Nagios 4 host/service recovery

Post by mdhart »

I'm configuring Nagios 4.0.2, and absolutely love that services no longer alert if their parent host is down. We have over 30 services on some systems, and receiving 30+1 notifications when a host was down was annoying, to say the least.

However Nagios 4 hasn't quite solved everything. When a host recovers (ping check says it's so), the services that are still marked as down on their next check (legitimately, they OS may not have gotten around to starting them, or the collectd/graphite data we're depending on hasn't made the full round trip yet, etc) I get alerts for the services that are still down. Is there a way to configure Nagios to give the system a chance to boot all the way before alerting on anything? Ideally I'd like to not notify on any services for a few minutes after the host check is successful.

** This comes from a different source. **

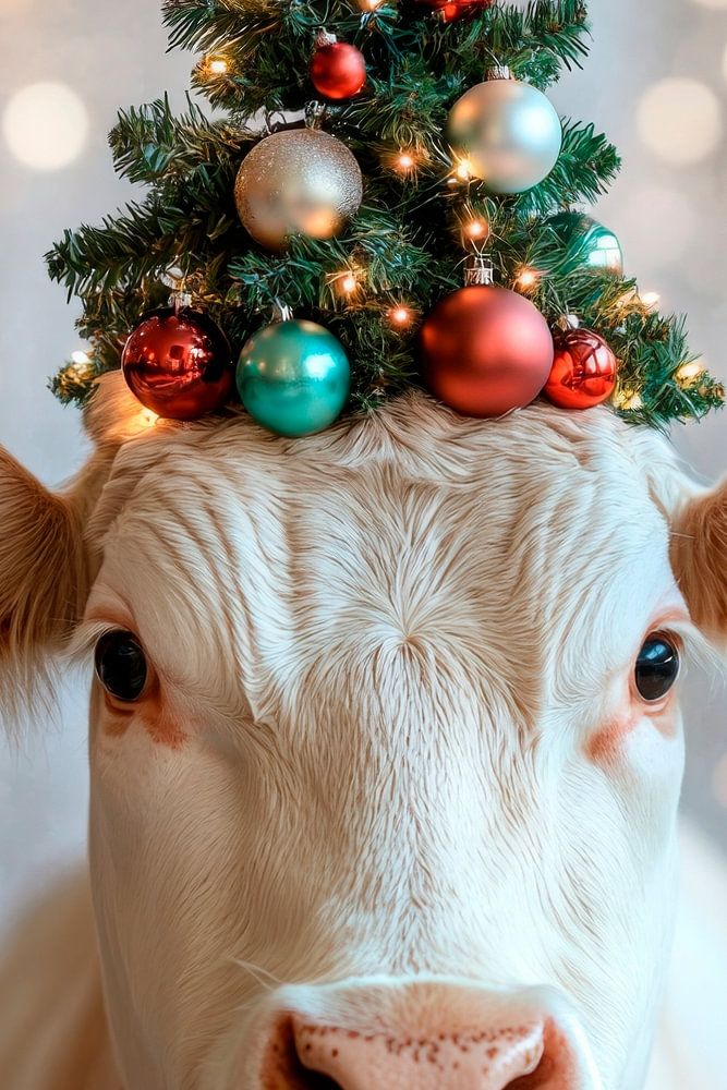 Een charmante koe met een feestelijk versierde kerstboom op haar hoofd schittert te midden van felle lichtjes. De mix van natuurlijke dierenliefde en feestelijke glamour voegt een humoristisch tintje toe aan elke kamer. Dit unieke kunstwerk zou het perfecte middelpunt zijn in de woonkamer, ideaal voor vrolijke gesprekken en een gezellige sfeer.

An example timeline might be like this:

1:00 - host goes down, notification sent for host down.
1:01 - services set to CRITICAL, check 1/3
1:04 - all services are CRITICAL, check 3/3.
1:09 - notification_delay on services expires, but no notifications sent in v4 (yay!)
1:20 - host comes back, notification send for host recovery.
1:20:10 - check on service 1 runs, fails (still) due to operating system not fully up (or collectd/graphite data not available yet). Sends notification.
1:21:10 - check on service 1 succeeds, recovery notification sent.

It's that notification at 1:20:10 in my example I want subdued. Any ideas how?

thanks
mike
slansing
Posts: 7698
Joined: Mon Apr 23, 2012 4:28 pm
Location: Travelling through time and space...

Re: Nagios 4 host/service recovery

Post by slansing »

One thing you could do, especially if you are getting a socket timeout return is to extend the timeout to a reasonable level by passing the "-t" flag. Most plugins have this ability, so you would define an NRPE check "for example" like so:

Code: Select all

$USER1$/check_nrpe -H $HOSTADDRESS$ -t 30 -c check_disk -a "-w 10 -c 30"
mdhart
Posts: 2
Joined: Thu Nov 28, 2013 8:46 am

Re: Nagios 4 host/service recovery

Post by mdhart »

Digging into this a bit more, the NRPE checks are behaving with timeout set to a reasonable number, like the example slansing showed.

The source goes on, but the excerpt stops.